Extends the values of a unsigned int8x16 vector to 32-bits.

r0 = (uint32_t) a0
...
r3 = (uint32_t) a3
  • In SSE2, SSE3 and SSSE3 this intrinsic results in at least 3 instructions.
basic_int32x4 simdpp::sse::to_int32x4 ( float64x2  a)
inline

Converts the values of a float64x2 vector into int32_t representation using truncation.
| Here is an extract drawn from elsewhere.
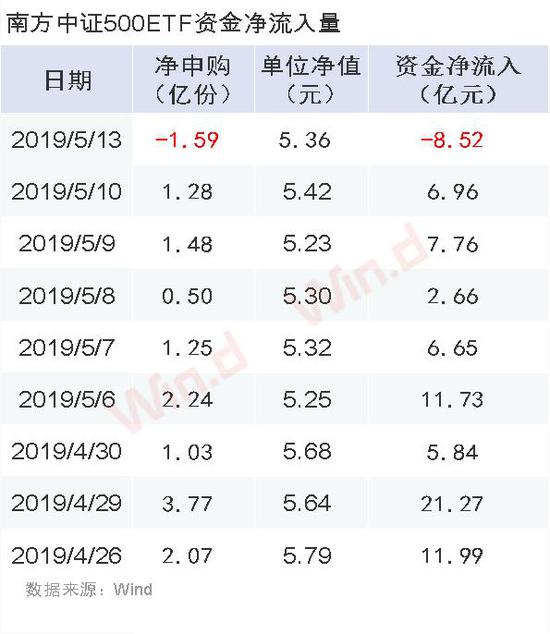 据Wind数据统计,5月13日,南方中证500ETF遭遇获得1.59亿份净赎回,当日基金单位净值为5.36亿元,以此估算出现8.52亿元资金净流出。Ahr财经新闻网

If the value can not be represented by int32_t, 0x80000000 is returned

r0 = (int32_t) a0
r1 = (int32_t) a1
r2 = 0
r3 = 0
basic_int32x4 simdpp::sse::to_int32x4_r ( float32x4  a)
inline

Converts the values of a float32x4 vector into signed int32_t representation.

If the value can not be represented by int32_t, 0x80000000 is returned If only inexact conversion can be performed, the current rounding mode is used.

r0 = (int32_t) a0
r1 = (int32_t) a1
r2 = (int32_t) a2
r3 = (int32_t) a3
basic_int32x4 simdpp::sse::to_int32x4_r ( float64x2  a)
inline

Converts the values of a float64x2 vector into int32_t representation.

If the value can not be represented by int32_t, 0x80000000 is returned If only inexact conversion can be performed, it is rounded according to the current rounding mode.

r0 = (int32_t) a0
r1 = (int32_t) a1
r2 = 0
r3 = 0
basic_int64x2 simdpp::sse::to_int64x2 ( int8x16  a)
inline

Sign extends the values of a signed int8x16 vector to 64-bits.

r0 = (int64_t) a0
r1 = (int64_t) a1
  • Not implemented for SSE2, SSE3 and SSSE3.
basic_int64x2 simdpp::sse::to_int64x2 ( int16x8  a)
inline

Sign extends the values of a signed int16x8 vector to 64-bits.

r0 = (int64_t) a0
r1 = (int64_t) a1
  • Not implemented for SSE2, SSE3 and SSSE3.
basic_int64x2 simdpp::sse::to_int64x2 ( uint8x16  a)
inline

Extends the values of a unsigned int8x16 vector to 64-bits.

r0 = (uint64_t) a0
r1 = (uint64_t) a1
  • In SSE2, SSE3 and SSSE3 this intrinsic results in at least 4 instructions.